Joi Ito's Web

Joi Ito's conversation with the living web.

Getting ready to give speech. The guy next to my is Jun Maki who played the producer of the photo shoot in Lost in Translation
Tomorrow is the general election for the Japanese parliament's Lower House. Mizuka and I joined the Governor of Nagano, Yasuo Tanaka, Shigeaki Saegusa (the conductor), Jun Maki (the copywriter who appears in Lost in Translation as the producer of the photo shoot), Yoichiro Kawaguchi (computer graphics professor), Hajime Takano (journalist) and many others in a two hour march through Ginza urging people go and vote tomorrow. It was called the senkyo ni ikouzei! movement. Our march was a nonpartisan effort to get people to vote regardless of their politics. We handed out leaflets, waved flags and made speeches on street corners. I made a speech about how most Japanese believe something needs to change yet do not feel they have any impact. I argued that Yasuo Tanaka showed that politicians can cause change and that voters can elect such officials. I stressed that you get the politicians you deserve and that if we wanted a democracy in Japan, people were going to have to vote.

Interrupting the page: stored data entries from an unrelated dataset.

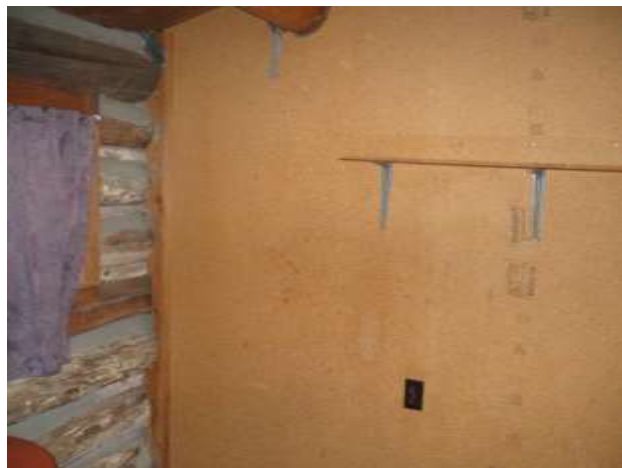
Walls and ceiling need sheetrock
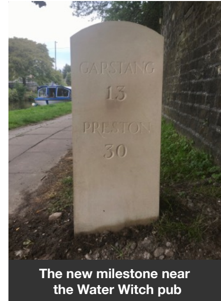
The new milestone near the Water Witch pub

Historically the milestones were used to calculate toll charges based on the distance travelled, so face the opposite way to what might be expected.
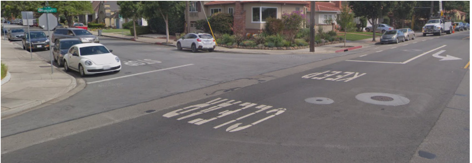
One of the approaches of the Bancroft Avenue/Oakes Drive Intersection, looking eastward towards Oakes across Bancroft Avenue.
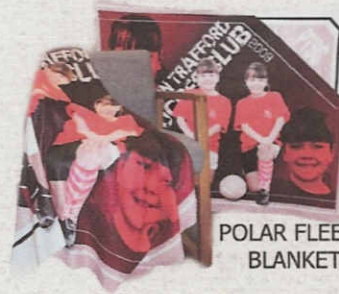
POLAR FLEECE BLANKET
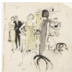
Sheath, Empire Waist, and Pencil Dresses (KA008601_OSxxx7_f02_01)
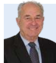
Sir Don McKinnon
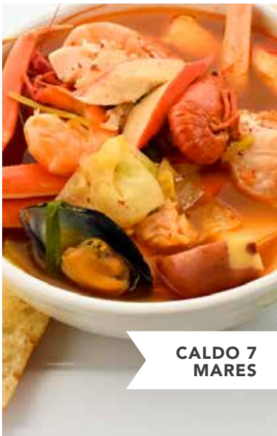
CALDO 7 MARES
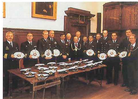
Plenty of "scrambled eggs" on display as the Deacon Convener presents commemorative Trades House plates to the Senior Officers and Ships' Commanders attending
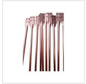
Copper Bonded Earthing Rod
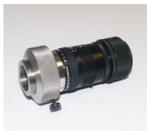
IG-1643 1.5:1 Relay Lens
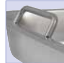
Patented handle system
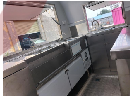
- Inside -
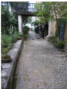
Fig. 62. Majorca (Balearics), Spain.
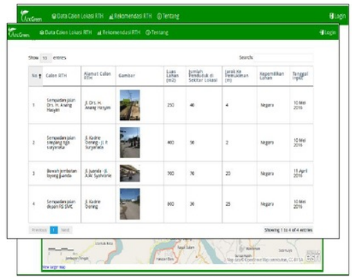
Figure 2 describes the admin page to input the GOS alternative location. Based on the results of recommendations with SAW computing, the best location as the top priority for the new location of GOS Kota Samarinda is the location on Under the Juanda flyover. Then second priority at Border Parks of RS SMC, then Border Parks of intersection

Suryanata and lastly on Border Parks of Drs. H. Anang Hasyim (Fig. 3 and Fig 4).
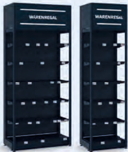
PRODUCT SHELF with 5 wire shelves incl. superstructure 1000x400x2400 Art. no. 04.16389.95-0001 625x400x2400 Art. no. 04.16388.95-0001
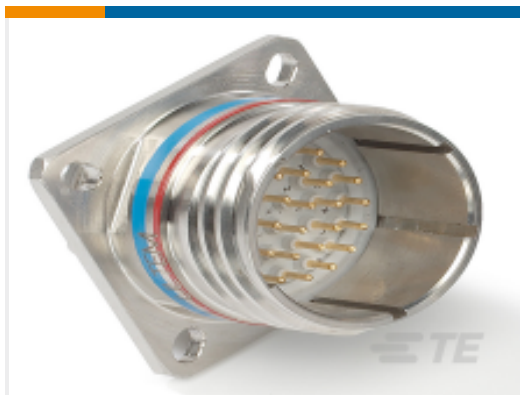
TE Part # CAT-D38999-DTS4Q D38999: Square Flange, 11-98 insert
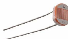
Fig 8.1 LDR SENSORS (Light Dependent Resistor)

It was a hot day, but people were very receptive. It was clear they were happy to see Yasuo Tanaka and unlike the time we were handing out leaflets protesting the National ID, the percentage of people willing to take them from you was much higher.

Also, the opposition party of Japan, the Democratic Party of Japan has announced a "shadow cabinet" appointing Yasuo Tanaka the minister in charge of decentralization. Ishihara, the mayor of Tokyo has spoken out against this.

Here is a 11.3MB Quicktime Movie of Mizuka and I trying to hand out flyers.


Joi, your leafletting ability is surprising poor--in your Infoseek days I would think you'd have had a lot of practice doing this at Makuhari Messe trade shows. I have one tip: lose the black shirt. You look like one of those dandies at the train stations trying to recruit homely women to be "models." And Mizuka looks like a Unification Church recruiter trying to interest passersby in free palm reading sessions. What you guys need to do is wear white gloves.

I need to introduce you to my wife, she rarely votes. Granted, she voted this year and maybe twice in the '90s, but that is a poor track record.

One good thing about this general election is that it allowed us to get rid of both Suzuki Muneo -- he didn't run -- and Matsunami Kenshirou -- the ex pony-tailed Osaka wrestler with Yakuza connections.

As for urging people to vote, I'm all for it, of course. But then again, the Asahi Shimbun newspaper reports that more than 500 votes have been declared void in Hokkaido; these voters had written e.g. "Muneo" on their ballots, despite the fact that Suzuki wasn't even a candidate...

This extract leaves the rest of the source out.